Re: possible recursive locking detected - while running fs operations in loops - 2.6.18-rc2-git5

2006-07-31 Thread Alexander Zarochentsev
Hello,

On Sunday 30 July 2006 10:17, Jesper Juhl wrote:
> On 30/07/06, Hans Reiser <[EMAIL PROTECTED]> wrote:
> > Jesper Juhl wrote:
> > > Thanks.
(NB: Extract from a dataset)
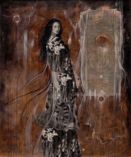 Sepia Geisha White Modern Wood Framed Art Print with Double Matting by Wiley, Marta
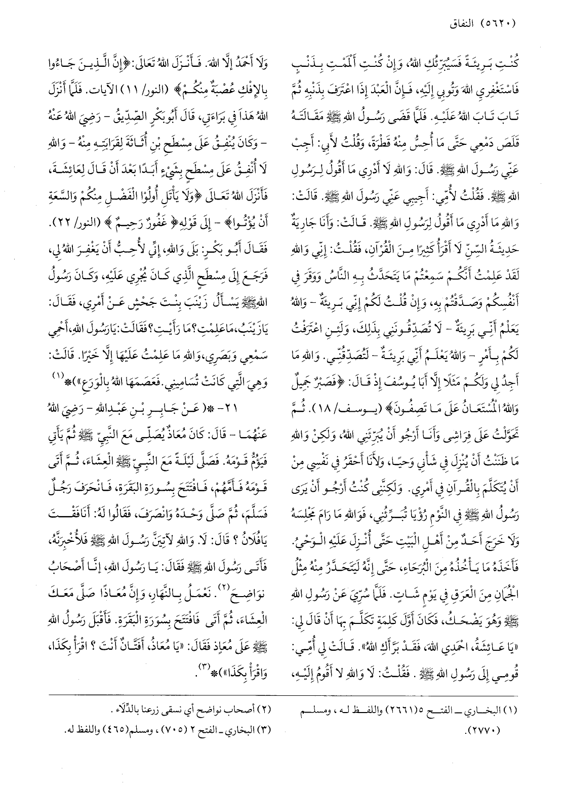 بذنب فاستغفري الله وتوبي إليه، فإنّ العبد إذا اعترف بذنبه ثمّ تاب تاب الله عليه. فلمّا قضى رسول الله صلى الله عليه وسلّم مقالته قلص دمعي حتّى ما أحسّ منه قطرة، وقلت لأبي: أجب عنّي رسول الله صلى الله عليه وسلّم. قال: والله لا أدري ما أقول لرسول الله صلى الله عليه وسلّم. فقلت لأمّي: أجيبي عنّي رسول الله صلى الله عليه وسلّم. قالت: والله ما أدري ما أقول لرسول الله صلى الله عليه وسلّم.

That's a nice little test suite.
> >
> > Yes, it is quite useful, our developers have added it to the
> > regression suite
>
> That's nice.
>
> Now how about that lock validator message I managed to tease out?
>
> Akpm said "... the reiserfs locking appears to be unneeded - this
> inode is going down and nobody else can look it up, so what is to be
> locked against?" - can you comment on that?

Thanks. it is correct.
Andrew, please apply the following patch: 

i_mutex does not need to be locked in reiserfs_delete_inode.

Signed-off-by: Alexander Zarochentsev <[EMAIL PROTECTED]>

fs/reiserfs/inode.c |   12 ++--
 1 files changed, 2 insertions(+), 10 deletions(-)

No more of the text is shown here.